> What is being asked
Nothing but the lines from the top of the data to the line holding "Example #1 Block" should be printed, word for word and both ends included; leave the pictures out.

※

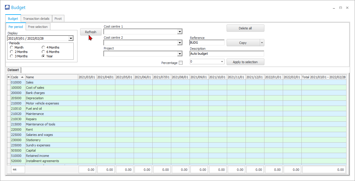 - Refresh - This button will populate the Budget figures for the selected period or selected dates.
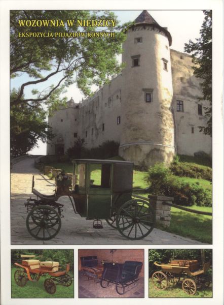 Wozownia w Niedzicy. Pocztówka 4. elementowa. Na kolejnych zdjęciach przedstawiono: Kareta coupé na tle zamku
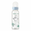 Biberón recto de boca estándar con tetina de silicona tamaño 1. Capacidad 250ml.
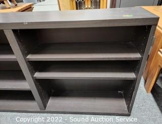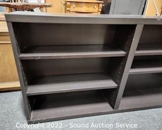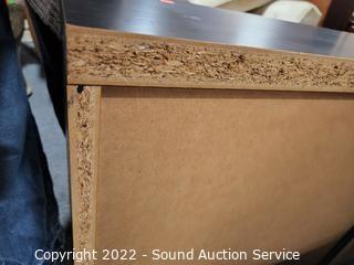 Lot Details: 25.5" H x 47" W x 8" D. Particle board construction, dark stained oak veneer.
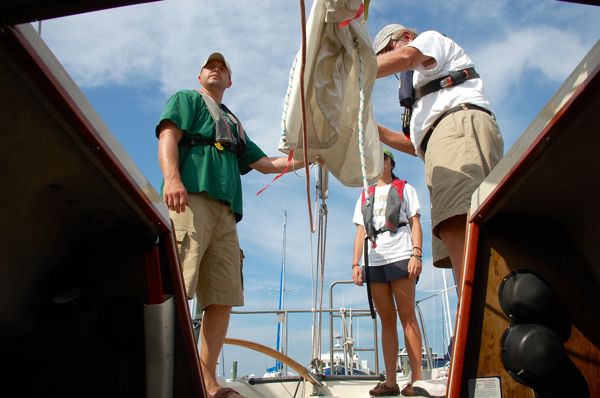 Oriental’s School of Sailing students hoist the main sail aboard one of the school’s vessels, a C&C 24. Participants during this particular session hailed from New Bern to Boston.
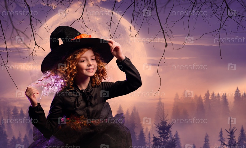 Хэллоуинская ведьма. красивая маленькая девочка в шляпе ведьмы на фоне огромной сиреневой луны. Широкий художественный дизайн Хэллоуина
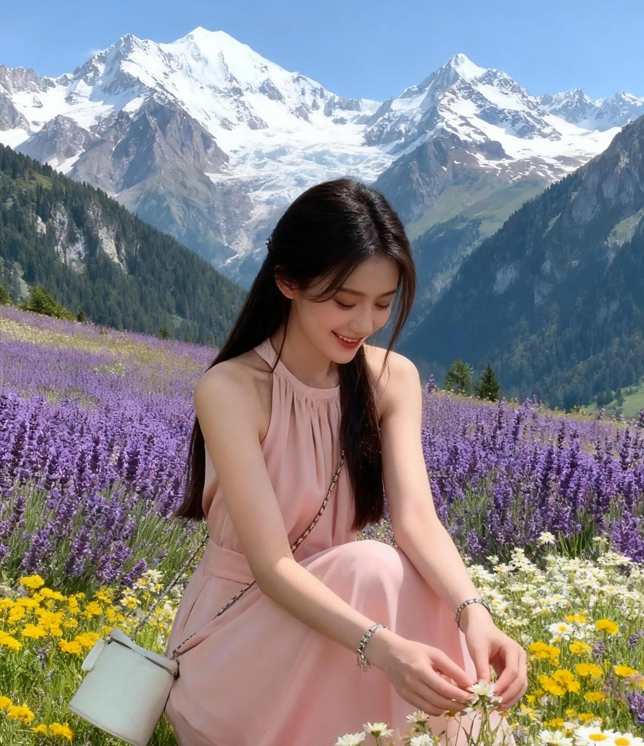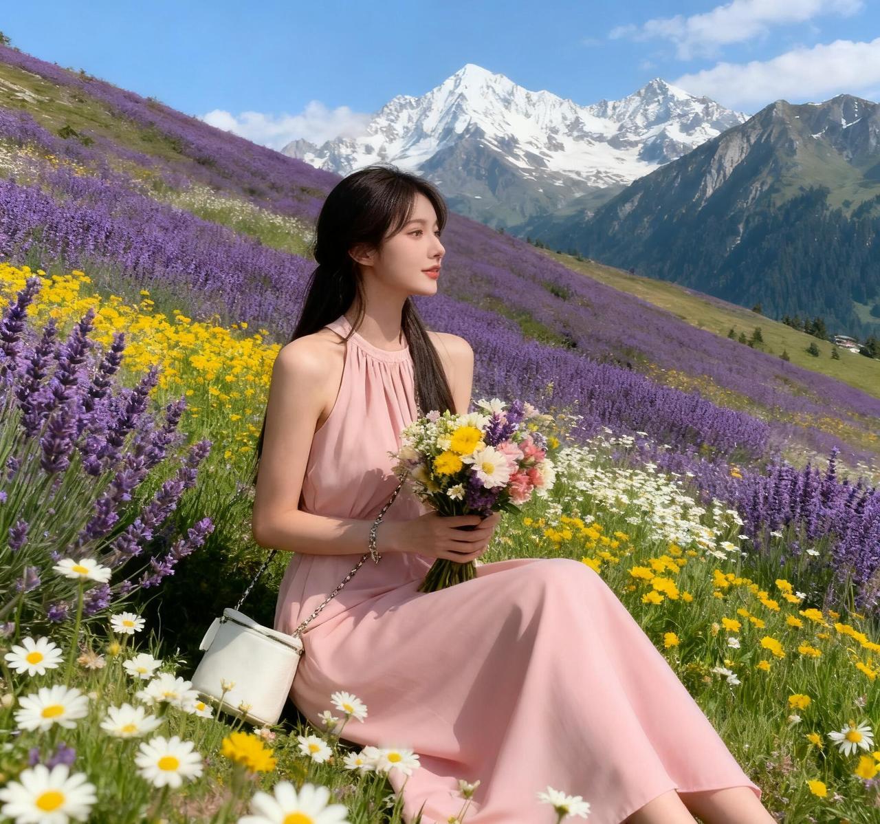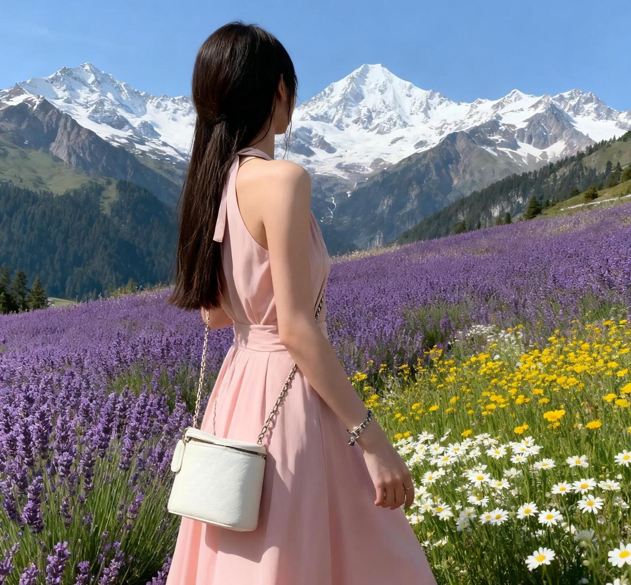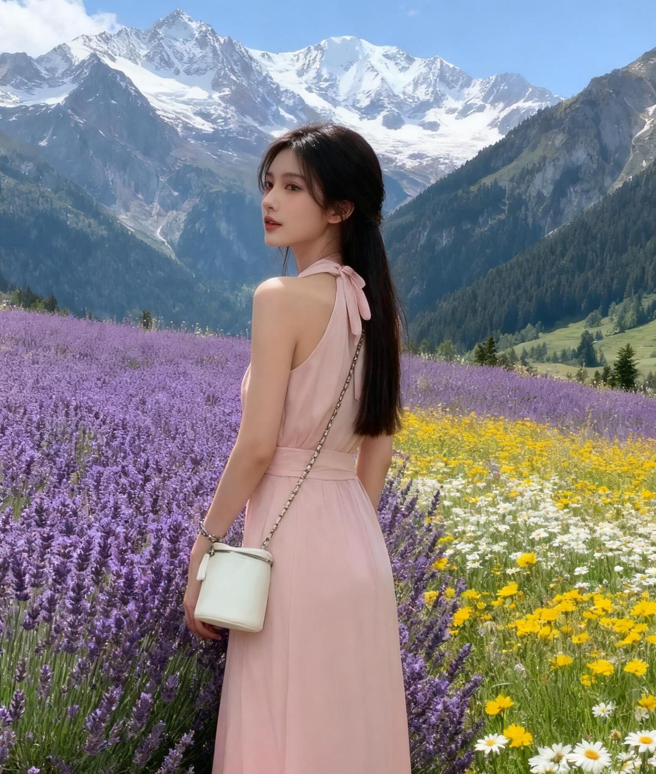 优雅粉裙绿意盎然静享美好时光温柔浪漫粉裙 穿搭
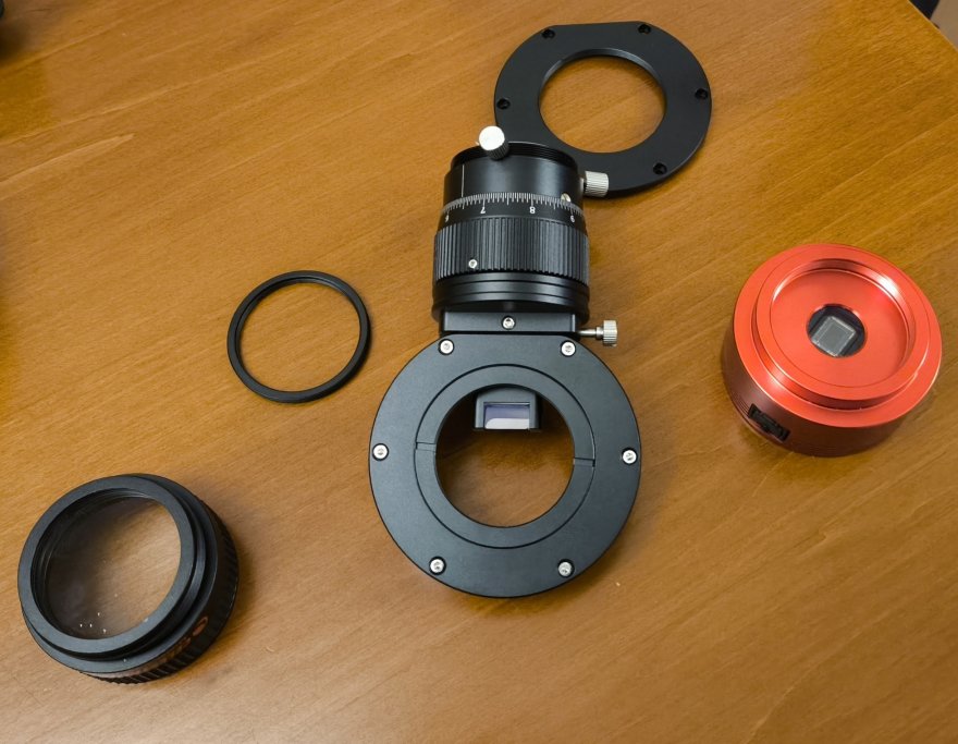 Ho comprato la guida fuori asse della svbony, OAG sv238, e l'ho messa sul tavolo, con tutti gli adattatori inclusi nella confezione, insieme al riduttore della celestron f/6.3 #94175 da un lato e la ASI 178MC della ZWO dall'altro (la userei come camera di ripresa (non guida), per cercare di capire come collegarli tra loro. Sono rimasto a guardarli per diversi minuti cercando di capire come unire i pezzi, quali adattatori usare, ecc.. senza arrivare ad una soluzione (mi sentivo stupido)!
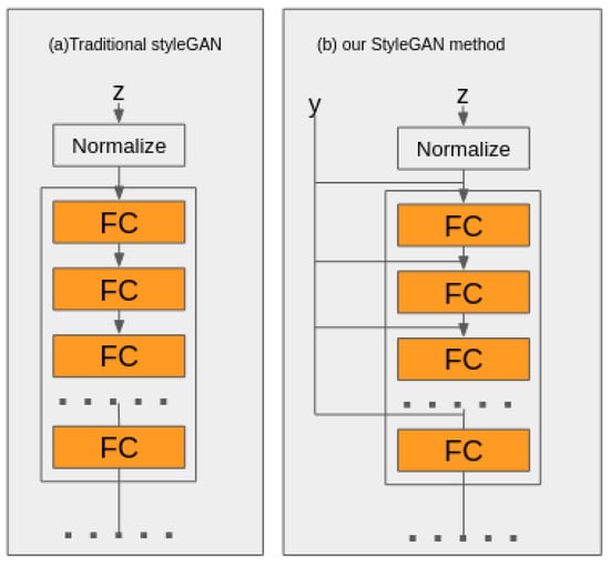 This research performed a nonlinear conversion of the latent vector z to conditional style information into two scalers and , where s stands for scalar and b stands for bias to control an adaptive instance normalization layer (AdaIN). The AdaIN operation is defined as
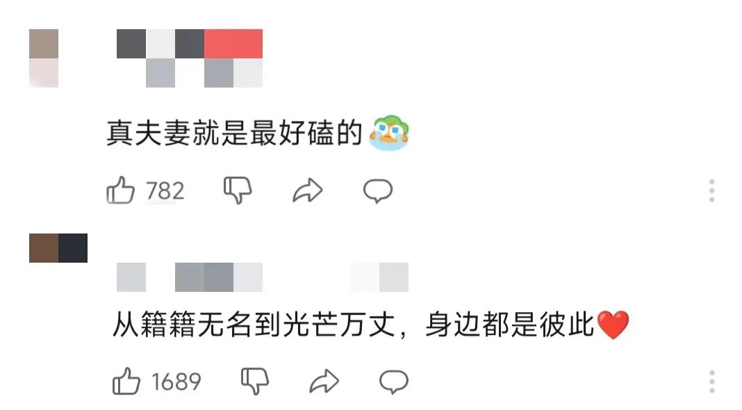 这首歌像是为他们二人量身定做的一般,每一句歌词都是他们相爱的注解。在他们身上,我们能看到爱情最美的模样——你为我站台,我为你开嗓,我们就是彼此事业路上最闪耀的勋章。
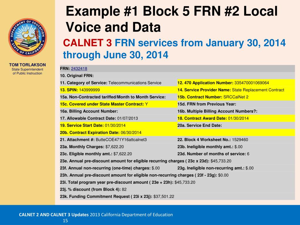 Example #1 Block 5 FRN #4 Long Distance CALNET 3 FRN services from January 30, 2014 through June 30, 2014
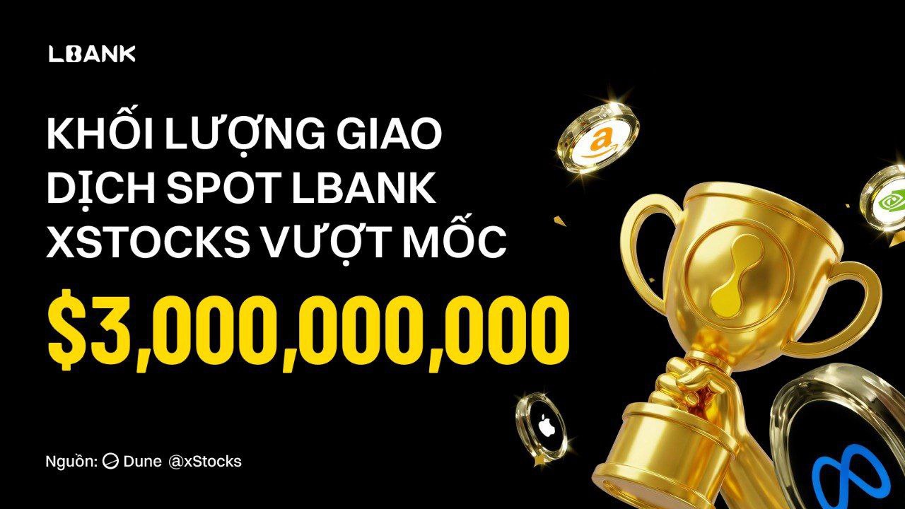Singapore, ngày 16 tháng 1 năm 2026 — LBank, một sàn giao dịch tiền mã hóa toàn cầu hàng đầu, đã vượt mốc 3 tỷ USD khối lượng giao dịch spot tích lũy của xStock, chiếm khoảng 30% thị phần CEX, theo dữ liệu chính thức từ xStock trên Dune Analytics. Cột mốc này khẳng định vị thế dẫn đầu bền vững của LBank trong lĩnh vực cổ phiếu được mã hóa đang tăng trưởng nhanh chóng, đồng thời phản ánh xu hướng chấp nhận ngày càng rộng rãi của cổ phiếu mã hóa trên toàn cầu.
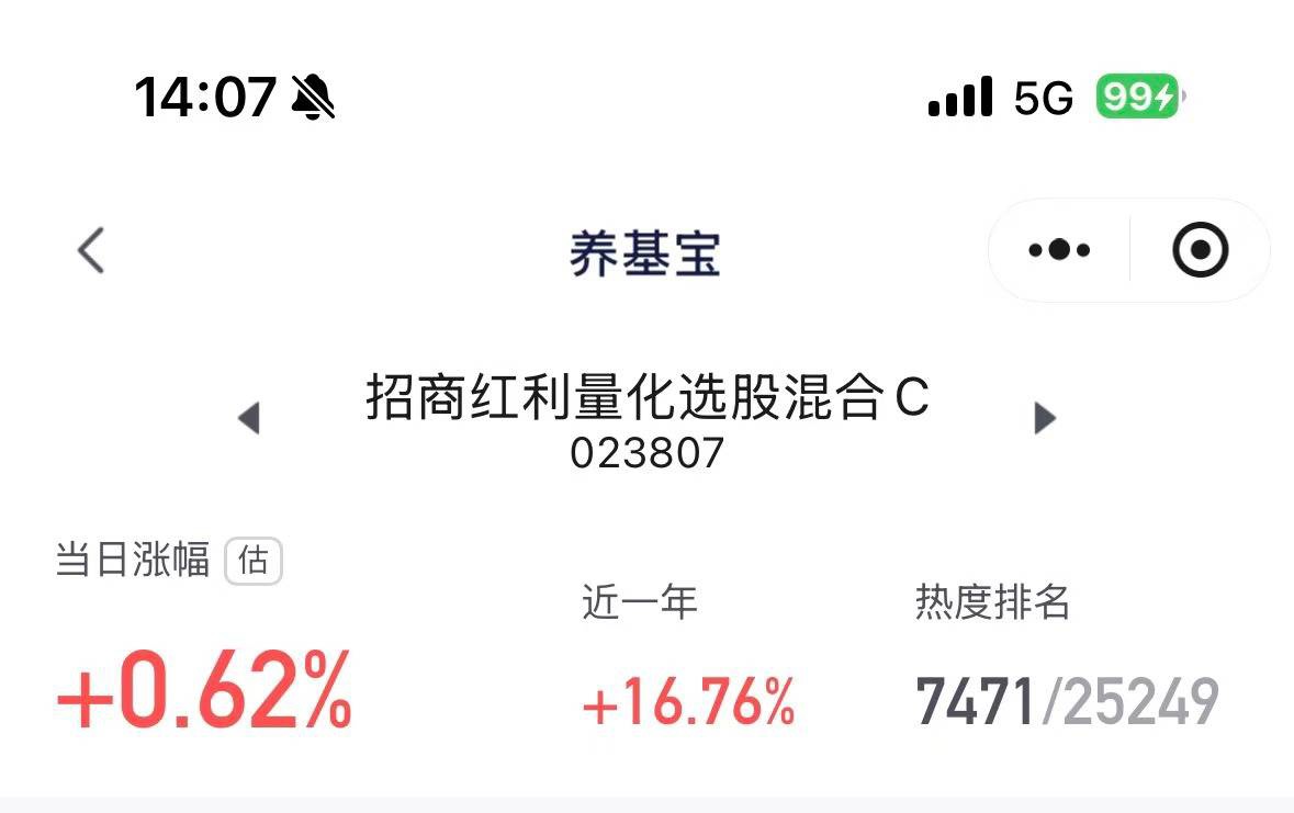 现在量化基金越来越受追捧,红利策略更是逆势走强,招商红利量化选股混合 C 太争气了!近 3 月涨了 6.84%,近三个月红利量化大幅跑赢,超额收益近 10%,今日估值还飘红,当成底仓配置心里踏实得很。$招商红利量化选股混合C$
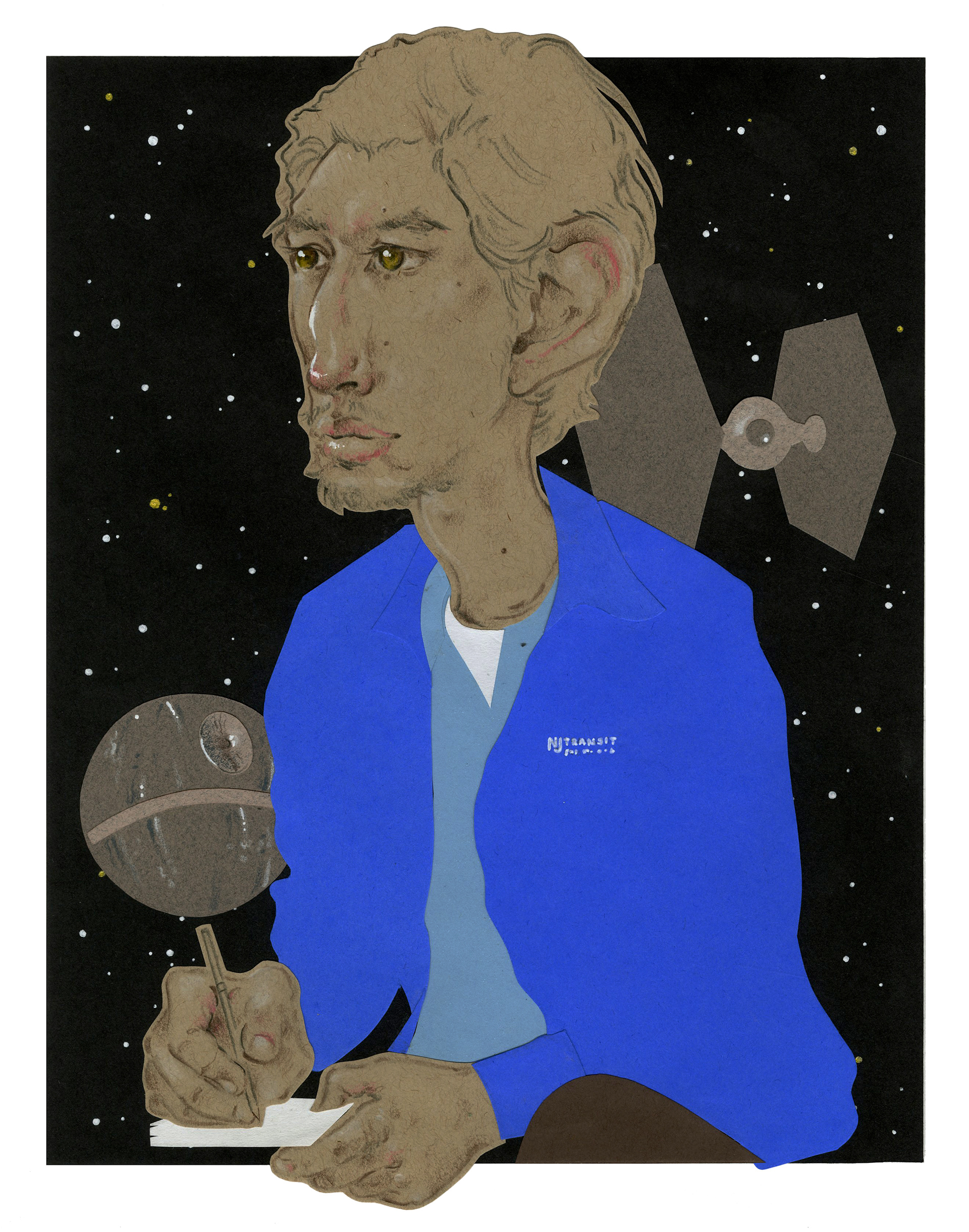 A caricature of the actor, Adam Driver. I put him in his costume from "Paterson" against a "Star Wars" background.
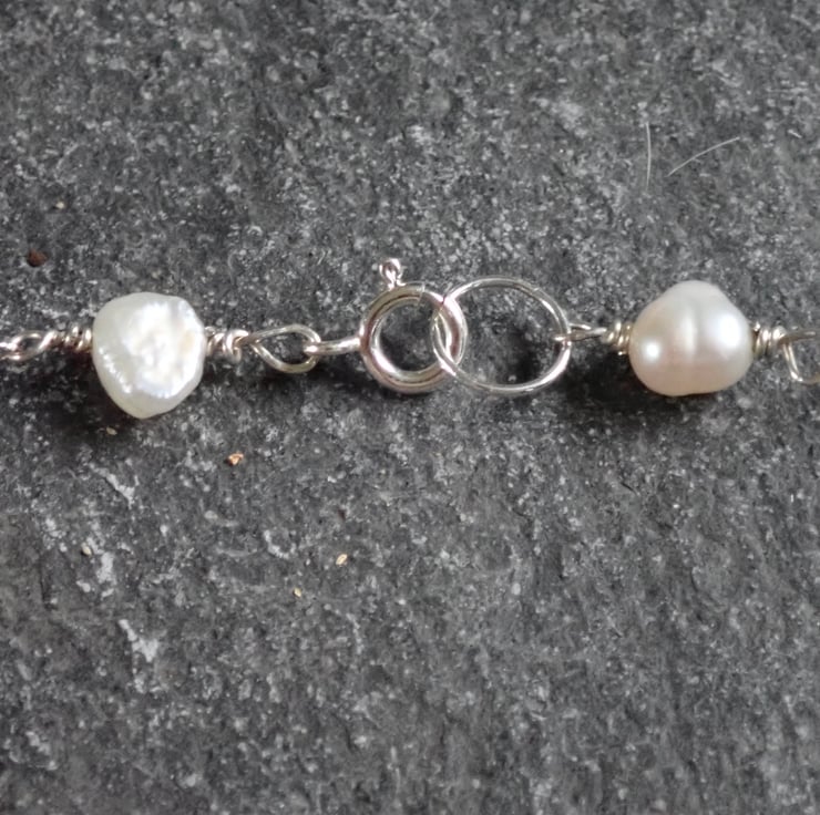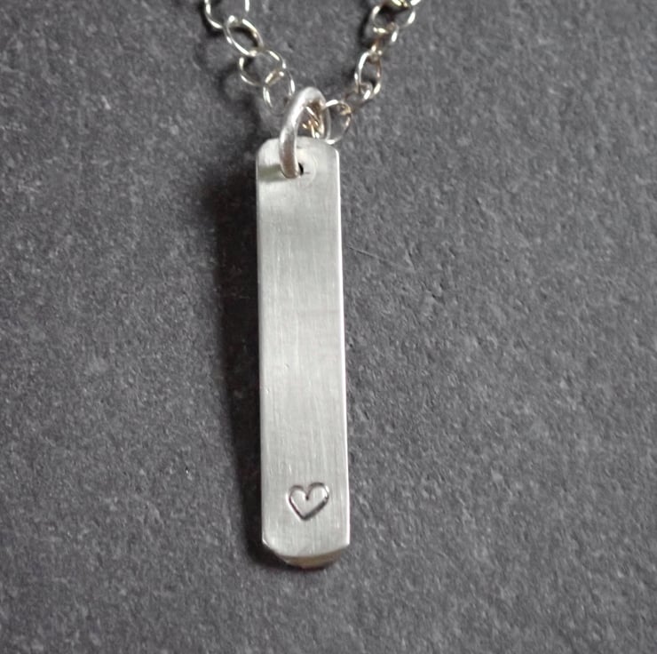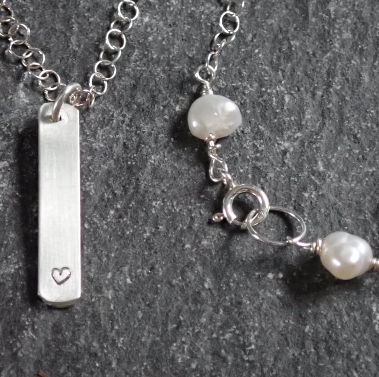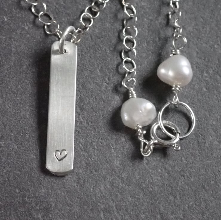 This is a sterling silver necklace, stamped with a cute heart and cut into an organic rectangular shape. It measures approximately 3cm long and 0.5 cm wide and is hung on a circle link sterling silver chain. I have used freshwater pearls to secure the chain to a spring ring clasp.

※

> Completed task
 - Refresh - This button will populate the Budget figures for the selected period or selected dates.
 Wozownia w Niedzicy. Pocztówka 4. elementowa. Na kolejnych zdjęciach przedstawiono: Kareta coupé na tle zamku
 Biberón recto de boca estándar con tetina de silicona tamaño 1. Capacidad 250ml.
 Lot Details: 25.5" H x 47" W x 8" D. Particle board construction, dark stained oak veneer.
 Oriental’s School of Sailing students hoist the main sail aboard one of the school’s vessels, a C&C 24. Participants during this particular session hailed from New Bern to Boston.
 Хэллоуинская ведьма. красивая маленькая девочка в шляпе ведьмы на фоне огромной сиреневой луны. Широкий художественный дизайн Хэллоуина
 优雅粉裙绿意盎然静享美好时光温柔浪漫粉裙 穿搭
 Ho comprato la guida fuori asse della svbony, OAG sv238, e l'ho messa sul tavolo, con tutti gli adattatori inclusi nella confezione, insieme al riduttore della celestron f/6.3 #94175 da un lato e la ASI 178MC della ZWO dall'altro (la userei come camera di ripresa (non guida), per cercare di capire come collegarli tra loro. Sono rimasto a guardarli per diversi minuti cercando di capire come unire i pezzi, quali adattatori usare, ecc.. senza arrivare ad una soluzione (mi sentivo stupido)!
 This research performed a nonlinear conversion of the latent vector z to conditional style information into two scalers and , where s stands for scalar and b stands for bias to control an adaptive instance normalization layer (AdaIN). The AdaIN operation is defined as
 这首歌像是为他们二人量身定做的一般,每一句歌词都是他们相爱的注解。在他们身上,我们能看到爱情最美的模样——你为我站台,我为你开嗓,我们就是彼此事业路上最闪耀的勋章。
 Example #1 Block 5 FRN #4 Long Distance CALNET 3 FRN services from January 30, 2014 through June 30, 2014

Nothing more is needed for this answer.